[GIVEN DATA]

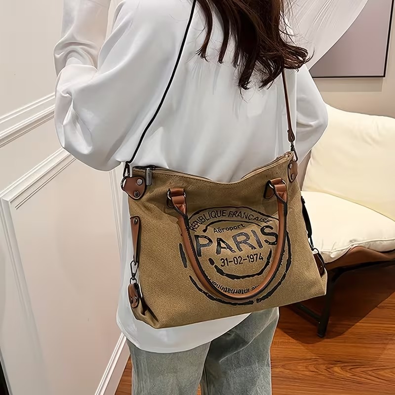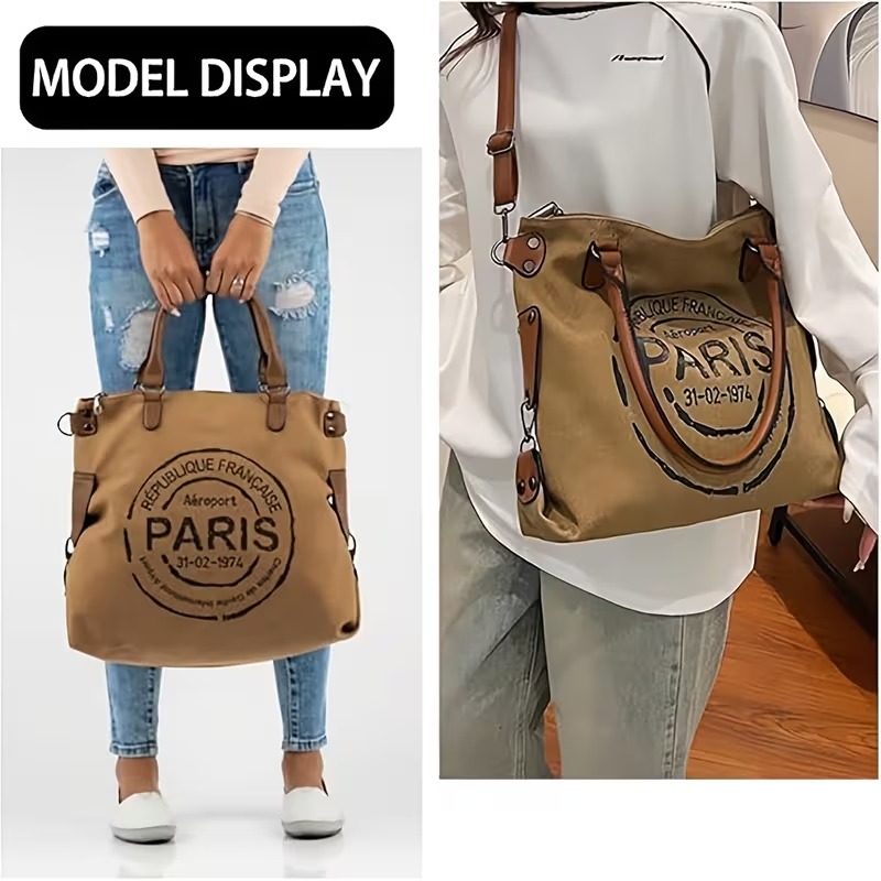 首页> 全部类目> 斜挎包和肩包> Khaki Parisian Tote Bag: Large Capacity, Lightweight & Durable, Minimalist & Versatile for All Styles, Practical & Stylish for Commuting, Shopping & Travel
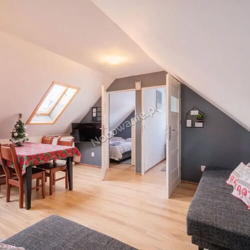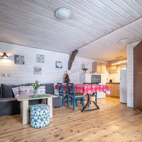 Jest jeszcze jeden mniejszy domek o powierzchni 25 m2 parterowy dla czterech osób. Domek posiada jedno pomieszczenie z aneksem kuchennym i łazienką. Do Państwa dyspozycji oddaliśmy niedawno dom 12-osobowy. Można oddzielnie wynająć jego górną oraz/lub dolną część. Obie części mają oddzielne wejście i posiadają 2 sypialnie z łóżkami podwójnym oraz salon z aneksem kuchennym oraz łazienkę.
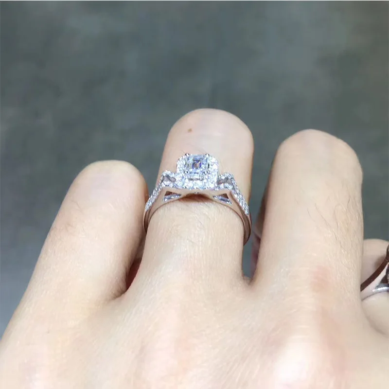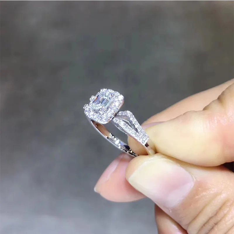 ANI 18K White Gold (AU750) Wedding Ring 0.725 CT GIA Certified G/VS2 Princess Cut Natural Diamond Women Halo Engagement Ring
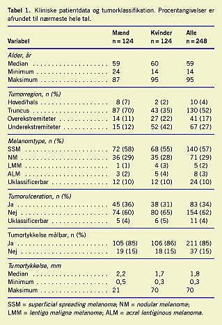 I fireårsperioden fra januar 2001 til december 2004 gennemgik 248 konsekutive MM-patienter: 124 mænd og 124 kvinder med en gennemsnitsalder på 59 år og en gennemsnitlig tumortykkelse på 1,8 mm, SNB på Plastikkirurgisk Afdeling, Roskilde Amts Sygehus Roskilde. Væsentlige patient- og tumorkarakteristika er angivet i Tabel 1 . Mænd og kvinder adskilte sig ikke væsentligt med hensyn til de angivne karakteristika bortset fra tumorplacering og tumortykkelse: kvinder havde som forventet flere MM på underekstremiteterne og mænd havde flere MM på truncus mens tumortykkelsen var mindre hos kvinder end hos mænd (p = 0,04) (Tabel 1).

[/GIVEN DATA]

# WHAT TO DO
Would you transcribe the lines above exactly, going from the line bearing "Jest jeszcze jeden" through the line bearing "ANI 18K White", and drop the pictures from the copy?

# ANSWER BOX
 Jest jeszcze jeden mniejszy domek o powierzchni 25 m2 parterowy dla czterech osób. Domek posiada jedno pomieszczenie z aneksem kuchennym i łazienką. Do Państwa dyspozycji oddaliśmy niedawno dom 12-osobowy. Można oddzielnie wynająć jego górną oraz/lub dolną część. Obie części mają oddzielne wejście i posiadają 2 sypialnie z łóżkami podwójnym oraz salon z aneksem kuchennym oraz łazienkę.
 ANI 18K White Gold (AU750) Wedding Ring 0.725 CT GIA Certified G/VS2 Princess Cut Natural Diamond Women Halo Engagement Ring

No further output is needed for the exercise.